→ **EXERCISE**
Although pictures appear in the entries below, leave them out and print exactly the lines from the first line through the line containing "крепежа) | ||".

Records from a data collection:

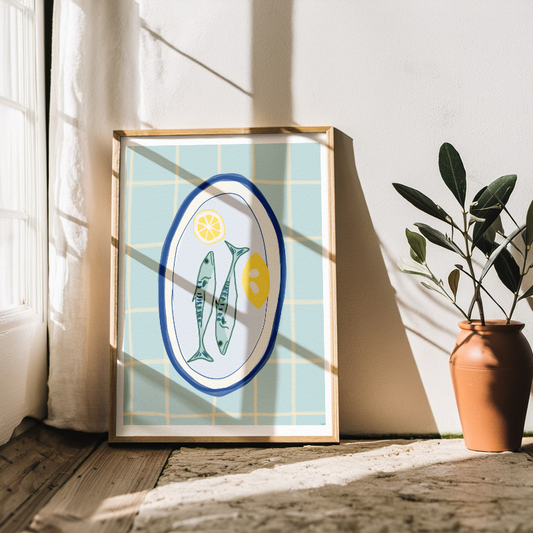 Sardiner på Fat Poster – Trendig Väggkonst för Kök i Medelhavsstil
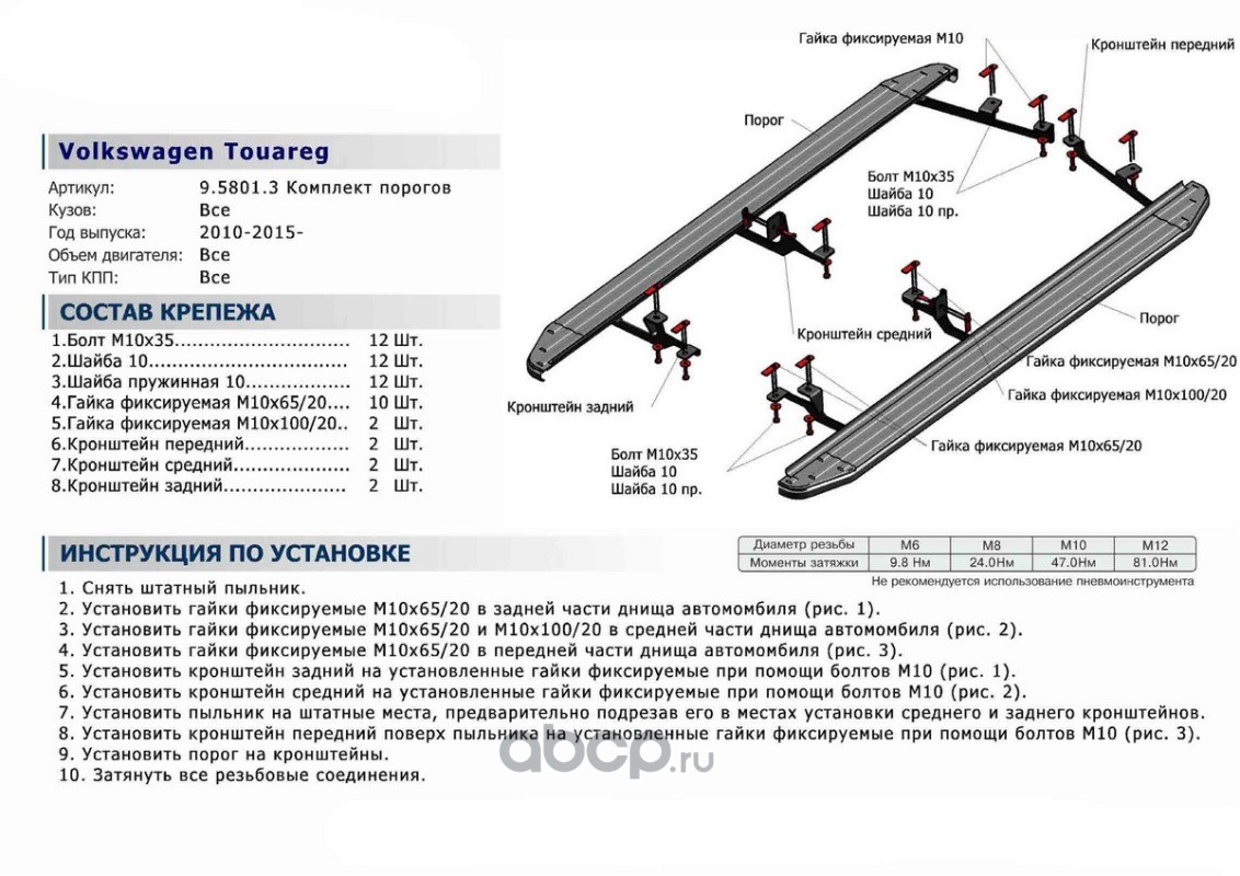 | Rival | D580511 | Силовые пороги Rival с листом D63,5 (без крепежа) | ||
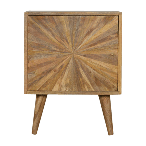Showcasing the sunrise patterned door, this bedside table has been constructed from 100% solid mango wood in a oakish finish. Offering a modern retro aesthetic, this bedside is a timeless option for your bedroom.
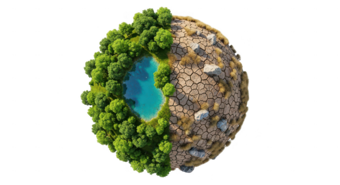 Dry cracked earth isolated on transparent background, representing drought, climate change, and desertification
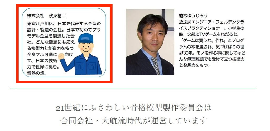 そこで体幹部が動く骨格モデルを作るプロジェクトが立ち上がり、プロジェクトの趣旨に賛同した整体師、理学療法士、作業療法士等の各分野を代表する指導者の協力により、医療分野の方でも満足できるような骨格モデルづくりが始まりました。
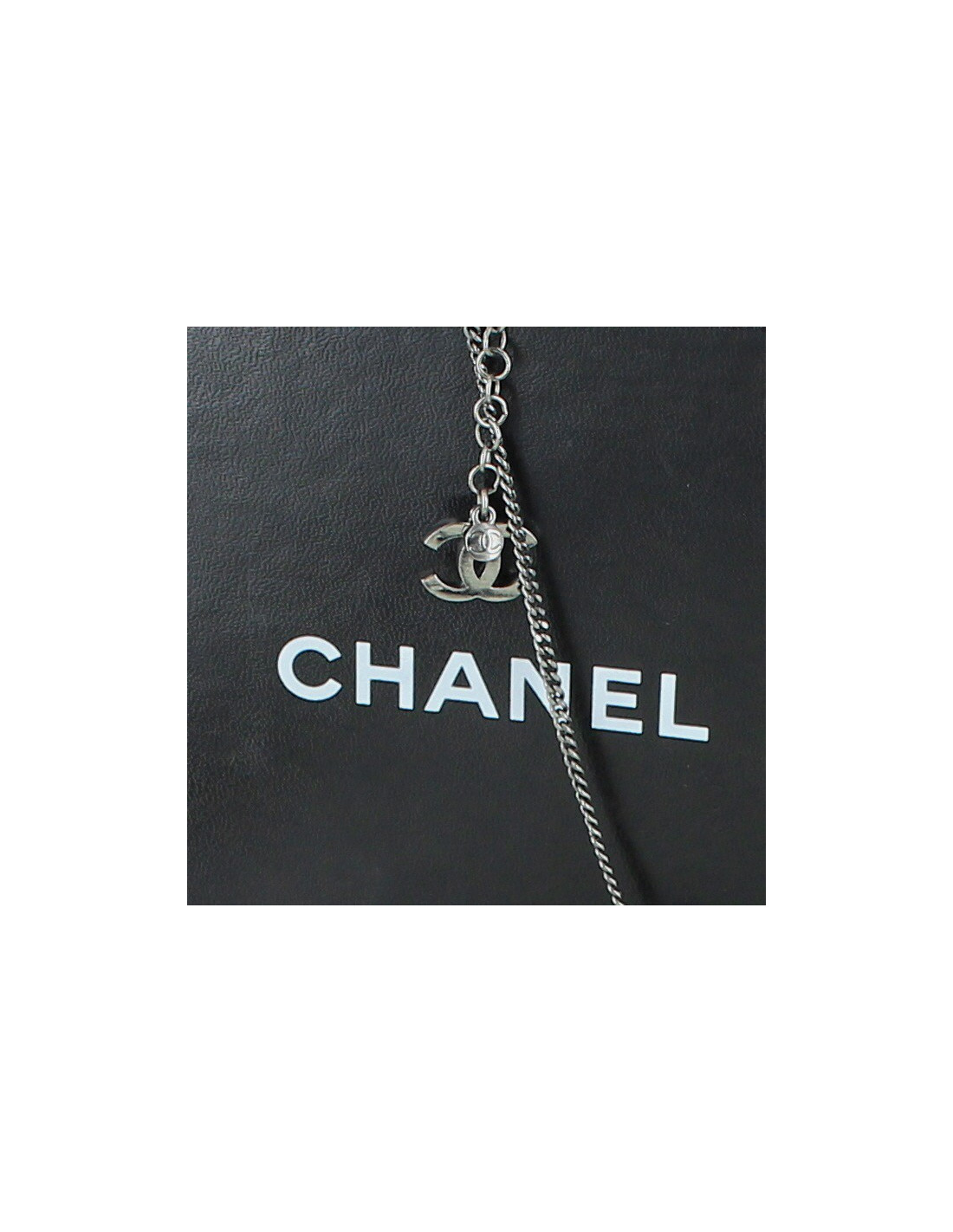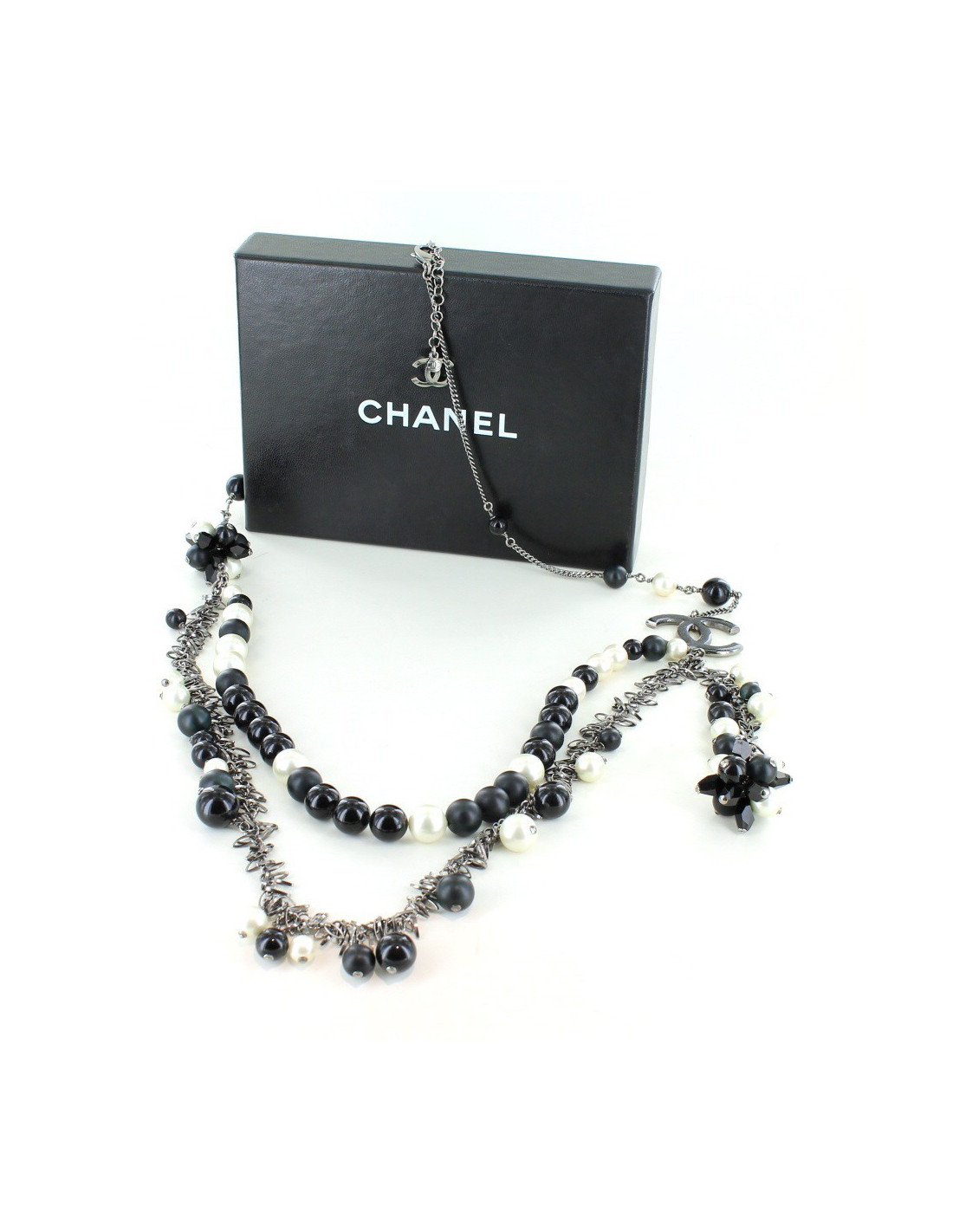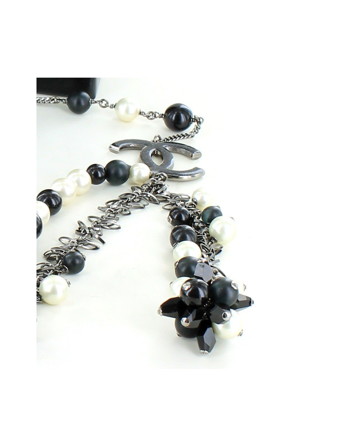 Sautoir Chanel, en perles noires brillantes et mat. et perles nacrées. Il est très fourni grâce a sa chaine originale et le grand double "C" ainsi que son double rang de perles.1 m
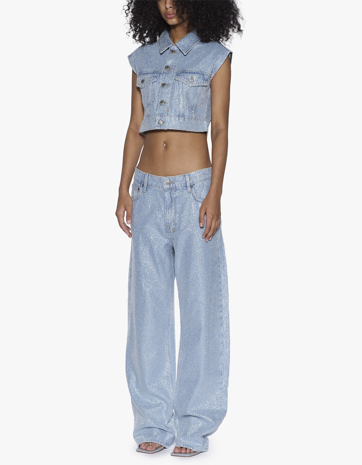 This trucker vest is crafted from rigid denim in a light blue wash with an enzyme soft finish, densely embellished with hotfix crystals that catch the light from every angle. It's the perfect piece to elevate your denim collection with statement-making style.
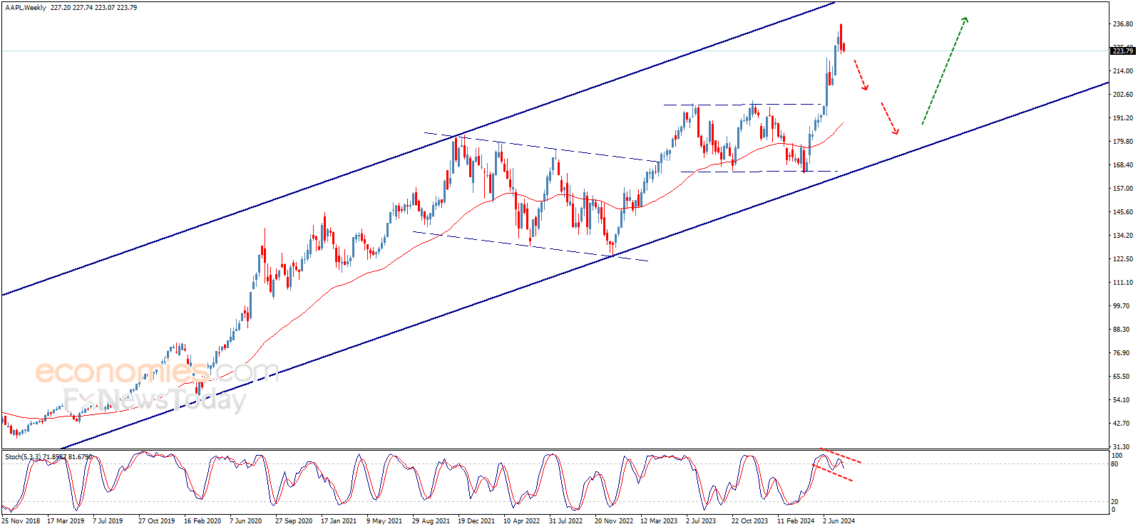 منذ أكثر من عشرة أعوام وسهم شركة أبل (Apple Inc.) يسير في اتجاه رئيسي صاعد، تخلّله بعض الانخفاضات المؤقتة والتحرّكات الجانبية في بعض الفترات، وبالنظر إلى الرسم البياني الأسبوعي، نجد بأن السهم يتحرّك داخل قناة صاعدة طويلة الأمد، تحمل السعر لتحقيق مزيد من المكاسب المتوقعة للفترة القادمة.
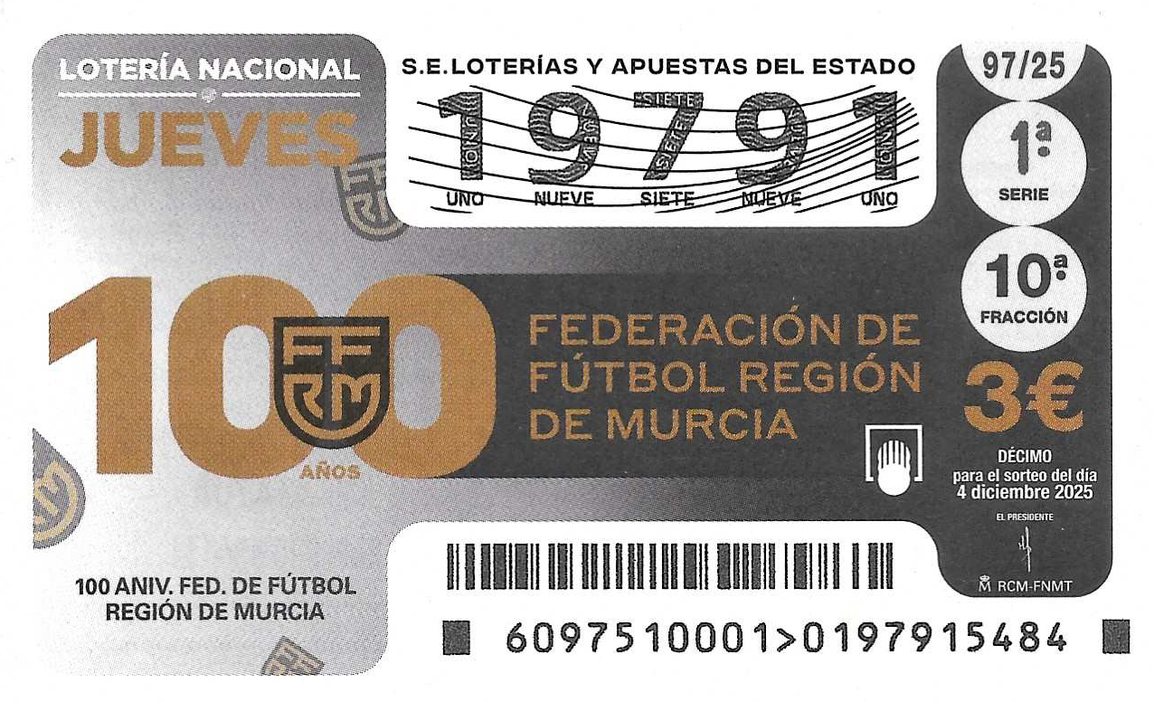 La Lotería del Jueves celebra 100 años de la Federación de Fútbol Región de Murcia
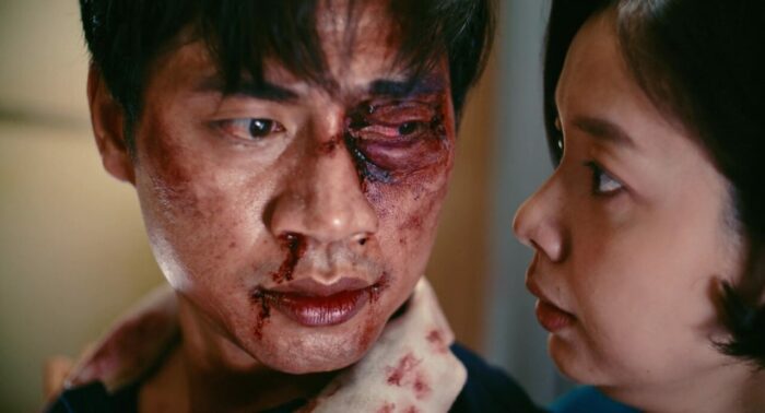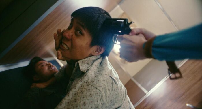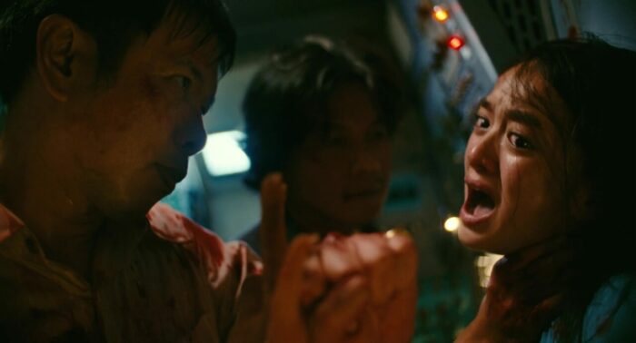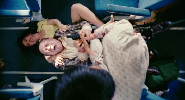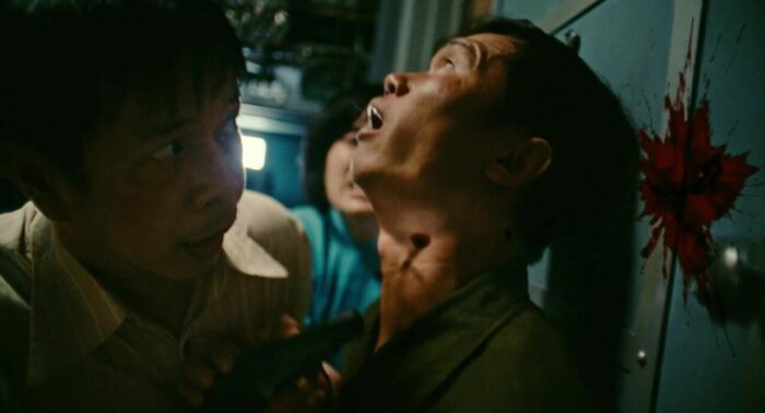 Passé cette ouverture, nous voilà enfin dans le cœur du récit, un an plus tard, à bord d’un vol où les hôtesses de l’air (dont la charmante Kaity Nguyễn, qui après des débuts mitigés au cinéma, m’aura totalement bluffé ici), quelques agents de sécurité, les deux pilotes ainsi qu’un brave agent voulant juste rejoindre Saigon pour être présent à temps pour l’accouchement de sa femme vont devoir lutter pour leur survie lorsque le vol est détourné par une bande menée par Thái Hòa (Blood Moon Party, My Mr Wife). Et dès le décollage en réalité, tout commence, tout se met en place, et le film parvient l’exploit de ne jamais faire retomber le rythme et d’enchainer donc les péripéties et les scènes d’action pendant la quasi intégralité de sa durée de deux heures. Les pauses sont rares, puisque d’un côté comme de l’autre, tout n’est pas ce qu’il paraît, des traitres font leur apparition, de nouvelles armes pointent le bout de leur nez, des accidents amènent des complications lors du vol, bref, c’est un festival pendant près de deux heures, et ça ne s’arrête jamais. Et surtout, là où ce genre de divertissement, surtout au Vietnam en réalité, reste assez clean, voire léger, comme par exemple cette même année 2025 avec Chase for Amber, et bien là, malgré l’ambition du film et donc sans doute son budget plus haut que la norme du genre, Hijacked se fait parfois bien violent. Ca se combat dans des couloirs étroits, les balles partent, les personnages saignent, certains sont même torturés à coups de couteau ou de doigts brisés, et malgré tout ça, les personnages se relèvent toujours, pour toujours en reprendre un peu plus dans la gueule, même les hôtesses de l’air. Alors évidemment, du coup, même si on pourrait dire que sur un seul vol, cela fait beaucoup de situations différentes, beaucoup de rebondissements, que certains personnages sont parfois assommés, désarmés, mais reviennent malgré tout avec de nouvelles armes, ça fait un peu beaucoup et ça retire un peu de crédibilité, mais, car il y a un mais, c’est toujours au service de l’efficacité du récit.

→ **OUTPUT OF THE TASK**
 Sardiner på Fat Poster – Trendig Väggkonst för Kök i Medelhavsstil
 | Rival | D580511 | Силовые пороги Rival с листом D63,5 (без крепежа) | ||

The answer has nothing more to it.